Церемония открытия была назначена на следующий день. Некоторое время мы переминались с ноги на ногу в ожидании начала. Молодые журналисты волновались, а опытные принялись набрасывать статьи еще до начала событий.
Действительно, происходило чудо — рождение университета в такое время. Во французской зоне уже вновь открыли свои двери два университета — католический, во Фрайбурге-ан-Брисгау, и протестантский в Тюбингене. Но в Майнце не возобновлял занятия старый университет, а создавался новый.
В XV веке в этом городе уже был университет, закрытый по приказу великого герцога Гессенского в XVIII. Новый университет был смешанный: теологи-католики и теологи-протестанты должны были разделить два десятка мест. Мы направились мимо украшенных флагами руин в казарму у городских ворот. Ее отремонтировали, и вот в большом зале, под словами «Ut Omnes Unum»[103], перед сидящими в партере генералами и местными властями, перед многочисленными выдающимися немцами, такими, как доктор Альберт Штохр, епископ Майнцский и суперинтендант протестантской церкви земли Рейнланд-Гессе, при ослепляющих огнях фотовспышек, в сопровождении профессоров в черных мантиях с яркими лентами поднимаются на сцену ректоры других университетов в средневековых одеждах.

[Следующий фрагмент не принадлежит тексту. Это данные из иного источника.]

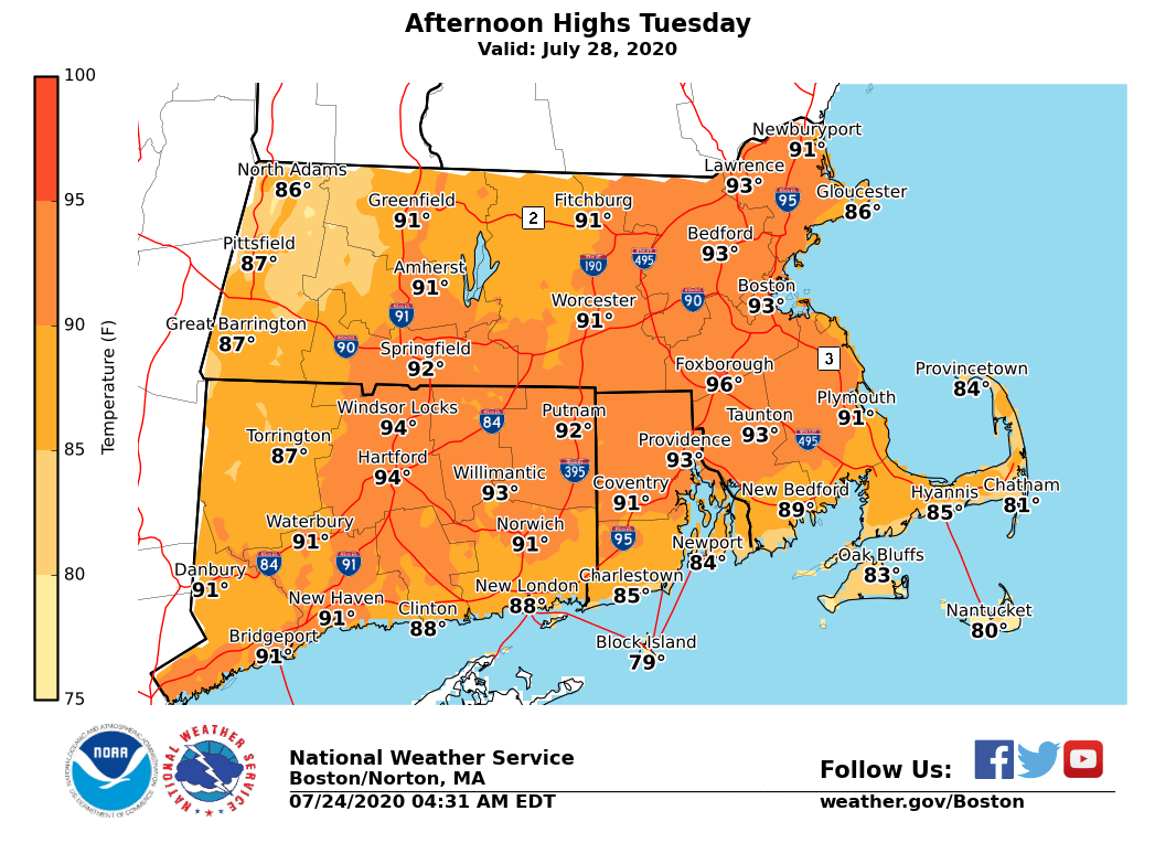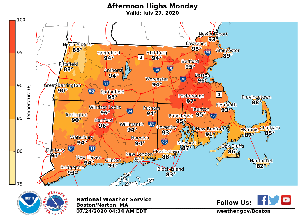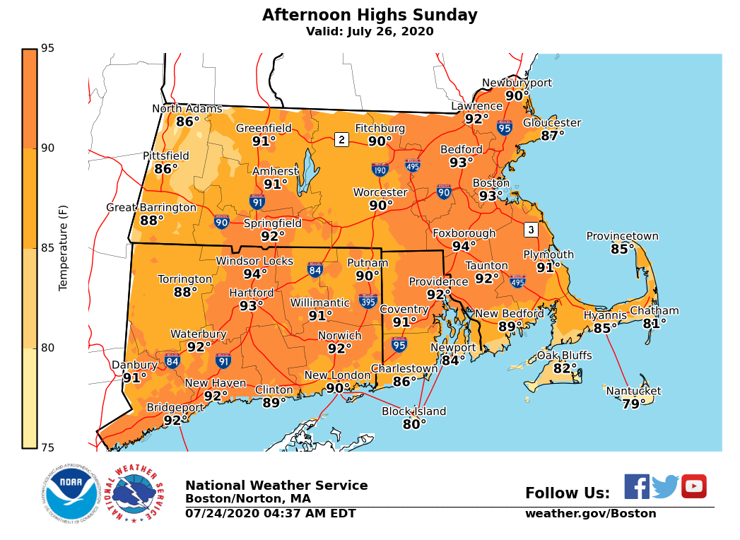 Good morning, We are expecting a three day heat wave Sunday, Monday and Tuesday with afternoon temperatures in the 90s each day. *What: *Extreme heat *Where: *northern portions of CT/RI and most of MA including the cities of Hartford, Providence, Boston and Springfield. However on Monday the extreme heat will be most widespread, even impacting the high terrain. *When:* Sunday, Monday and Tuesday. The extreme heat will likely peak on Monday with highs 95 to 100 possible. *Forecast Confidence:* forecast temperatures have been trending warmer the past few days for Sunday, Monday and Tuesday. Therefore forecast confidence is above average for high temperatures to exceed 90 degrees each of those days along with a low probability of a few locations nearing 100 Monday. Attached are three graphics with expected highs for Sunday, Monday and Tuesday. Meteorologists Frank Nocera & Rodney Chai If you have any questions or would like more information, don't hesitate to contact us via this email address, on NWSChat <https://nwschat.weather.gov/>, or at the following: National Weather Service Boston/Norton, MA 46 Commerce Way Norton, MA 02766 508.622.3280 Website <http://www.weather.gov/boston> | Facebook <http://www.facebook.com/NWSBoston> | Twitter <http://www.twitter.com/NWSBoston>

В торжественной обстановке большого зала впервые со времени моего приезда в Германию я услышала от немца признание вины его страны. Доктор Шмидт, католик, проживший все годы нацистского режима на нелегальном положении, стал первым ректором Майнцского университета. Выступив против «мифа о духовной автаркии», доктор Шмидт вспомнил о временах, когда творили Моцарт, Гайдн, Бетховен, о золотом веке немецкой поэзии, о первом представлении «Ифигении» Гете в Эттерберге близ Веймара, где сто пятьдесят лет спустя в лагере Бухенвальд «потерявшие человеческий облик люди совершили самые жестокие преступления новейшей истории». «Как стало возможным такое перерождение немецкой души?» — вопрошал он и сам же отвечал: «Последовавшие за Тридцатилетней войной бедствия, усугубленные ностальгией по могуществу и величию, по политической самостоятельности, привели от Фридриха II, Бисмарка, Вильгельма II к Гитлеру». Ректор страстно разоблачал «бездуховный националистический фанатизм и нацизм, разорвавший духовное единство Германии с западным миром и подменивший личное мнение человека доктриной партии».